¿Por qué somos siempre los más chicos?

¿Por qué somos siempre los más chicos?

En el Sudamericano y Preolímpico de Punta del Este, Chile es otra vez el equipo más chico. Igual que en los mundiales o las clasificatorias, el promedio de estatura es lapidario: 1.746 metros. Brasil, por ejemplo, tiene 1.813 y Colombia, que nos ganó ayer, 1.808. Uruguay, contra quienes jugamos mañana, tiene 1,793.

La selección de Tocalli eligió a Diego Rojas como armador, con 1 metro 59 según la información de la federación Chilena y 1,62 según la del torneo. Tres centímetros que, créanme, no hacen la diferencia (Universidad Católica pone en su página que el volante mide 1,64, para más ejemplo).    

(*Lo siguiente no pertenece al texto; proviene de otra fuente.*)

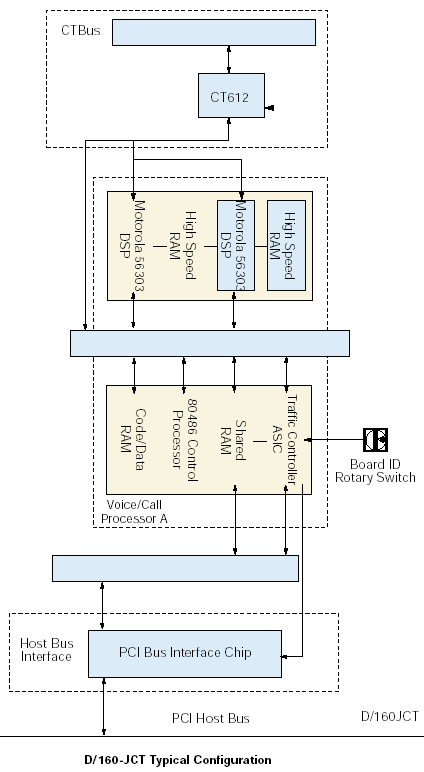 D/320-JCT板卡通過與外部網(wǎng)絡連接的CT總線接口與網(wǎng)絡接口板卡相連。DSP資源通過一個CT612模塊接收數(shù)字語音數(shù)據(jù),CT612作為到CT總線的接口。DSP基于下載到它的高速RAM中的Spring

Sería un facilísmo decir que este equipo es malo porque es chico, porque los de Sampaoli también lo son y ya ven donde nos tienen. Ni que la solución para los males es tener equipos grandes. De hecho, con equipos siempre bajos de estatura, sólo habíamos quedado eliminados una vez en los últimos cinco sudamericanos.

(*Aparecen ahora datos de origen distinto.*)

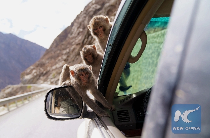 Wild monkeys cling to a car along the Provincial Highway No. 306 at Gyaca County, southwest China's Tibet Autonomous Region, April 23, 2018. (Xinhua/Jigme Dorge)
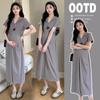 Em estoque Vestido de Grávida Verão Moda Solto Emagrecimento Manga Curta Vestido Longo Vestido Feminino Preguiçoso
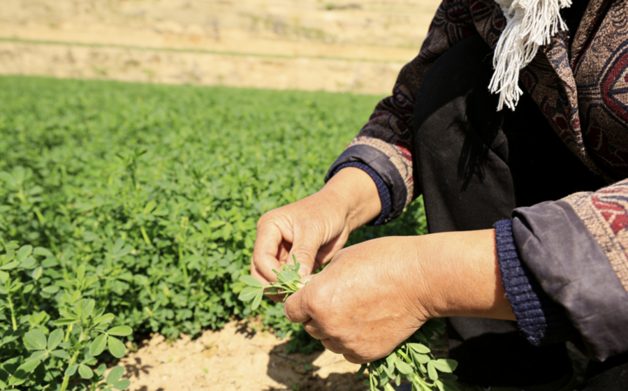 苜蓿在会宁有着悠久的采食历史,这里干旱少雨、光照充足,黄土层深厚肥沃,孕育出的紫花苜蓿叶片肥厚、汁水饱满、清香回甘,既是耐旱耐寒的优质牧草,也是乡亲们珍视的天然野菜。每年三月上旬,头茬苜蓿最为鲜嫩,是一年中口感最佳的时节。清晨的田埂边、沟渠旁,随处可见挎着竹篮、弯腰掐苜蓿的村民,指尖轻捻,只取最顶端的嫩尖,不一会儿便装满一篮青翠,满载着春日的馈赠。

"Con equipos siempre bajos de estatura, sólo habíamos quedado eliminados una vez en los últimos cinco sudamericanos."

Para eso son los procesos, sobre todo si son encabezados por técnicos que han sido campeones del mundo como Tocalli. Para esconder los defectos y potenciar las virtudes. La Roja puede ser chica, los jugadores tener poca experiencia en Primera, ser inmaduros y con poco roce, pero para eso se trabaja: para ganar pese a todo.

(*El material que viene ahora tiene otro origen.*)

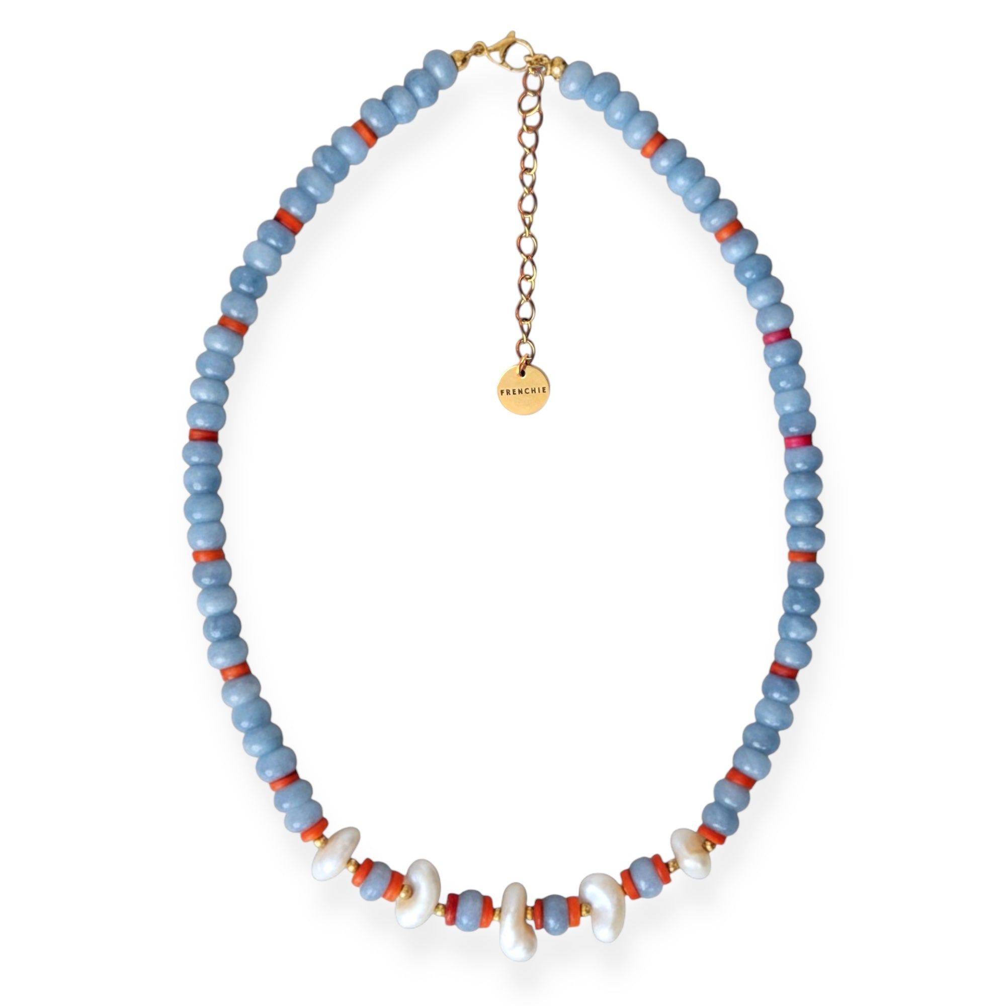 Deze zomerse kralenketting is gemaakt van natuursteen gecombineerd met schelpkralen. De gouden details en de sluiting zijn van stainless steel.

Lo que nos convoca en esta columna es saber por qué somos siempre los más chicos. ¿Es la raza?, ¿Es que el desarrollo no nos alcanza?,¿Es que estar en la OCDE no nos garantiza unos centímetros más? En la elección de los jugadores los colombianos y ecuatorianos hace rato privilegian un biotipo mucho más fornido que el nuestro, con irregulares resultados. 

Los defensores de la menudencia dirán que el mejor equipo de los últimos tiempos estaba constituido por pequeñitos: Messi, Iniesta, Xavi y compañía eran bajos y, más aún, despreciaban incluso tener un referente de área más espigado. Pero, amigos míos, la diferencia salta a la vista: eran buenos para la pelota.

"Aquí faltó trabajo, sacrificio, voluntad. Que es lo que ponen siempre los chicos cuando quieren ganarse un lugar en la historia."

En esto hay que ser cuidadoso: cuando se habla de la “mejor generación de la historia” estamos hablando de la misma genética, que administrada por Sampaoli sólo clama por un central de más envergadura. En este equipo de Tocalli parece una condena eterna, una maldición del destino, una tortura ineludible. “La generación es la mala” es el lugar común para explicar estos fracasos y no quiero aceptarlo mansamente.

Aquí faltó trabajo, sacrificio, voluntad. Que es lo que ponen siempre los chicos cuando quieren ganarse un lugar en la historia.